If Muslim law is to be applied to a Muslim, the natural question that arises is: Who is a Muslim? There is a lot of difference between the viewpoint of law courts and theologians. Among theologians themselves, there are three different views on the subject:
1. a Muslim is one who believes in the unity of Allah and in the Prophethood of Muhammad;
2. everyone who believes in Kalima, i.e. there is no God but God and Prophet Muhammad is His Messenger, is a Muslim; and
3. a Muslim is one who believes not only in the above two but also conforms to certain other standards; for example, he believes in the following fivefold classification of human actions, namely—
(a) Farz—acts the omission of which is punished and the doing of which is rewarded;
(b) Mustahab—acts the doing of which is rewarded but the omission of which is not punished;
(c) Jaiz or Mubah—acts the doing of which is simply permitted and which carry neither reward nor punishment;
(d) Makruh—acts which are disapproved but are by and large valid; and
(e) Haram—acts which are expressly prohibited and punishable.

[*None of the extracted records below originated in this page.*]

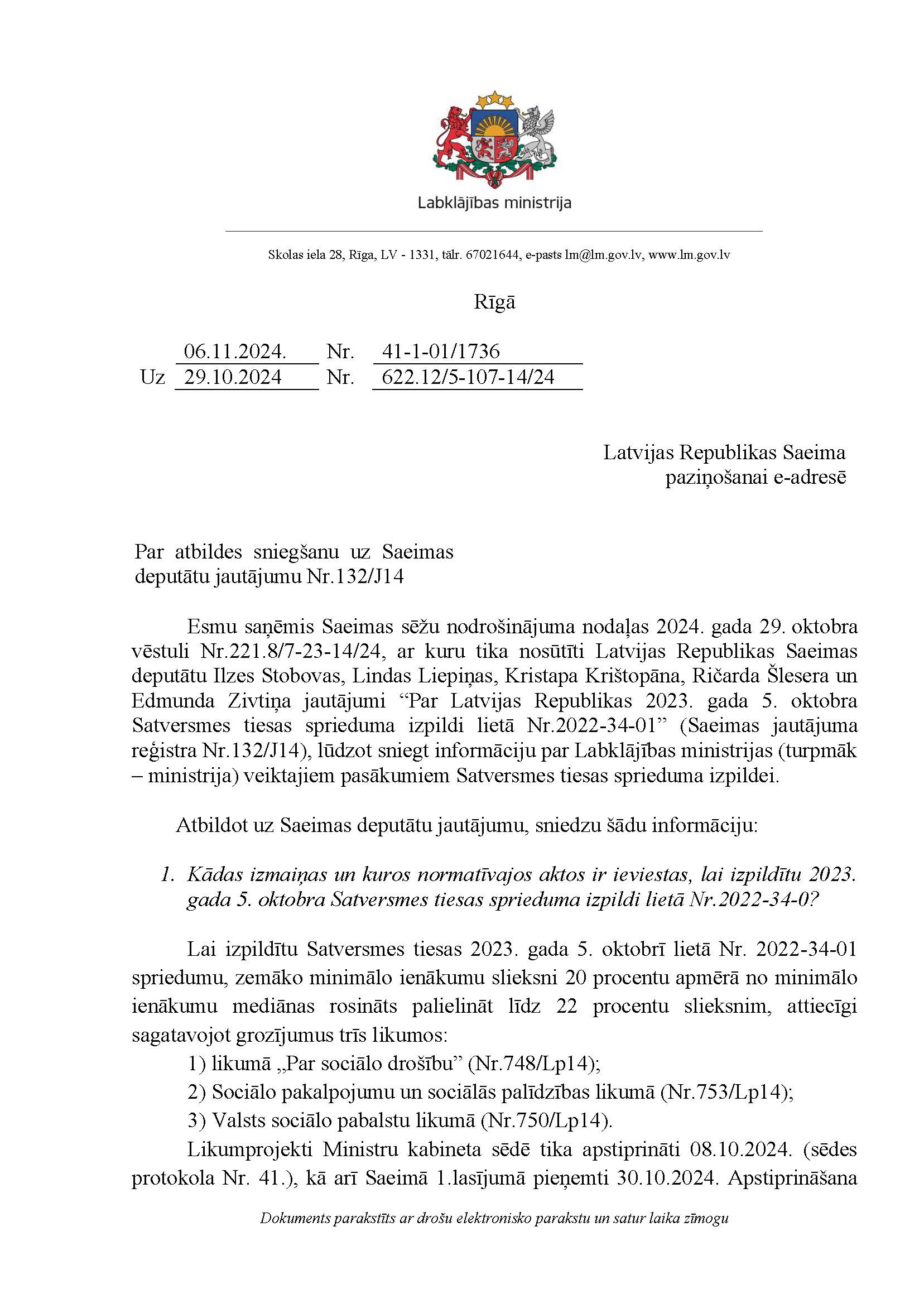 Deputātu Ilzes Stobovas, Lindas Liepiņas, Kristapa Krištopana, Ričarda Šlesera un Edmunda Zivtiņa jautājums labklājības ministram Uldim Augulim "Par Latvijas Republikas 2023. gada 5. oktobra Satversmes tiesas sprieduma izpildi lietā Nr. 2022-34-0". Saņemtā rakstveida atbilde iesniedzējus neapmierina, bet mutvārdos uzdot papildjautājumus viņi nevēlas.
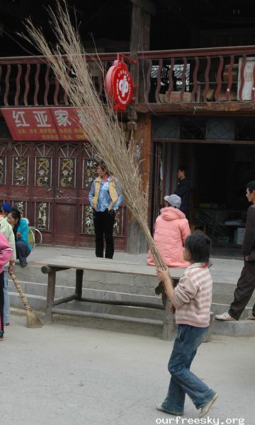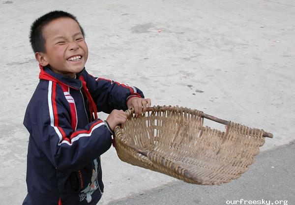 今天下午学生们都来学校了。学校开始有点人气了,之前几天学校只有几个老师,很冷清。一件事让我很感动,就是这里的家长送孩子来上学。学校的要求是四到六年级需要住校,所以很多学生会带着自己的被子来学校。如果这样的事发生在大城市,很多家长会开车送孩子来学校,而这里的家长却是和孩子一起用一种这里常见的箩筐背着被子和生活用品来学校。一般都是这样的情景,大人背着大箩筐,上面是很重的棉花被子,小孩子背着小箩筐放着些书和生活用品跟在后面。一边走一边大人告戒着孩子要注意的事,就这样走几十里山路。劳累混合着家庭的温欣。
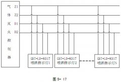 海灣GST-LD-8317噴灑燈與氣體滅火控制器的總線和電源 DC24V相連,實現噴灑噴灑功能。具體連接方法如圖 5- 17 所示。
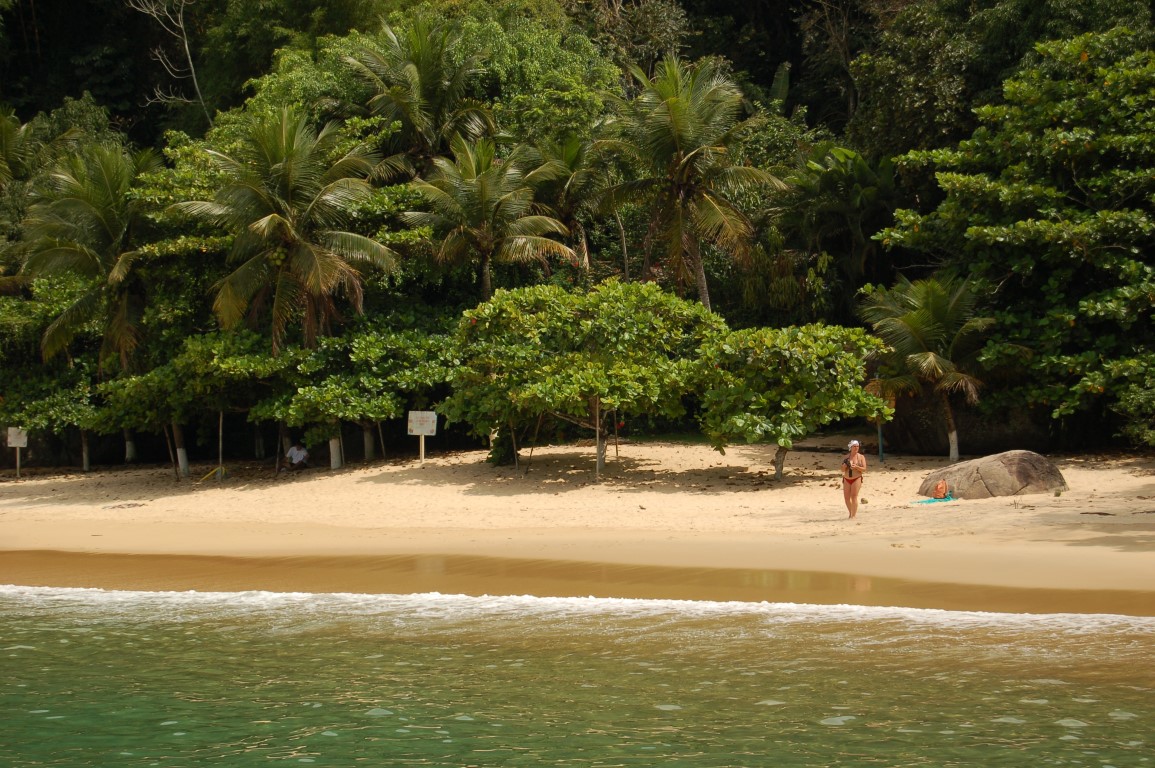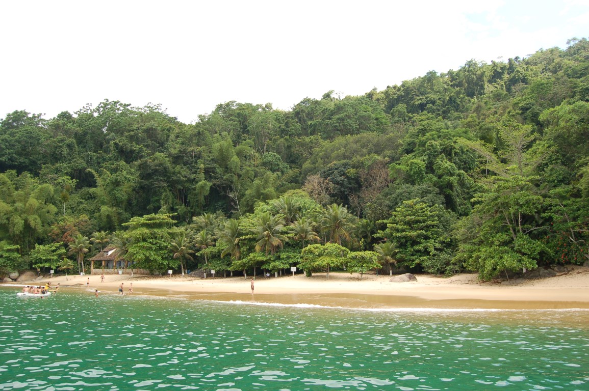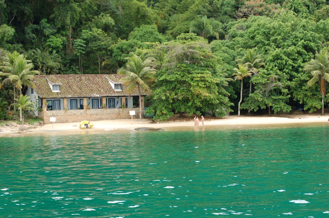 Em um dos cantos da praia há uma casa particular, mas a maior parte do tempo a praia fica deserta. Somente quando chega alguma escuna de turismo a praia ganha movimento.

The term ‘Muslim’ means submission. A Muslim is a person who follows Islam. Muslim law applies to a born Muslim or a person who is a convert Muslim. A Muslim is one, who believes in the mission of Muhammad (PBUH) as a prophet or one who says that there is one God and that Muhammad is his Prophet.

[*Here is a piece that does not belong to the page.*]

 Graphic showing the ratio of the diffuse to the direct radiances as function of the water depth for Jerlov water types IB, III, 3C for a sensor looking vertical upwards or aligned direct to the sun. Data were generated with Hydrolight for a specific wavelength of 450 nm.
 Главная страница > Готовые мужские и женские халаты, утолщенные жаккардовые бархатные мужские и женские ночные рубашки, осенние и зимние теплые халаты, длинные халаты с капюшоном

In other words any person who professes the religion of Islam, in other words, accepts the unity of God and the Prophetic character of Muhammad is a Muslim.
In Azima Bibi v Munshi Shamlanand (AIR 1912), it was observed that a child born out of a Muslim couple would be a Muslim, even if he by choice goes to a Hindu temple. The person would be a Muslim, till the time he does not renounce his religion and converts to another religion.
In Bhaiya Sher Bahadur v Bhaiya Ganga Bakhsh Singh (AIR 1914), it was held that if a Muslim women has a child from a Hindu man but the child from the time he was brought up as a Hindu then in this case he would be called a Hindu. So the right to convert is given under the article 25 under the Constitution of India, which guarantees every citizen of India freedom to practice, profess and propagate one’s religion.
The Supreme court in Sarla Mudgal v Union of India (AIR 1995) and Lily Thomas v The Union of India(AIR 2000), has held that if a Hindu married man converts to Islam just because of the reason so as to marry a second time then it will be void and he will be punished the section 494 of the IPC for committing bigamy. Thus, it may be said that a Muslim is one who beliefs in the mission of Muhammad as the Prophet PBUH and one who says that there is one God and Muhammad PBUH is his prophet.
According to Shariah, a child born of parents either of whom is, or both of whom are Muslims, is presumed to be a Muslim. In India, however, a child born of a Muslim father is presumed to be a Muslim, but not a child of a Muslim mother and non-Muslim father, as was held by the Privy Council in Helen Skinner v. Sophia Evelina Orde2′, and by the Oudh High Court in Mohd. Azim Khan v. Saadat AH Khan.
A Muslim remains a Muslim unless he renounces Islam. A non-Muslim may embrace Islam and become a Muslim by conversion. It is not necessary to go into the motives of the convert, because there is no test or gauge to determine the sincerity of religious belief.
References :
Syed Khalid Rashid, Muslim Law ( Eastern Book Company, Lucknow, 6th Edition, 2020 ).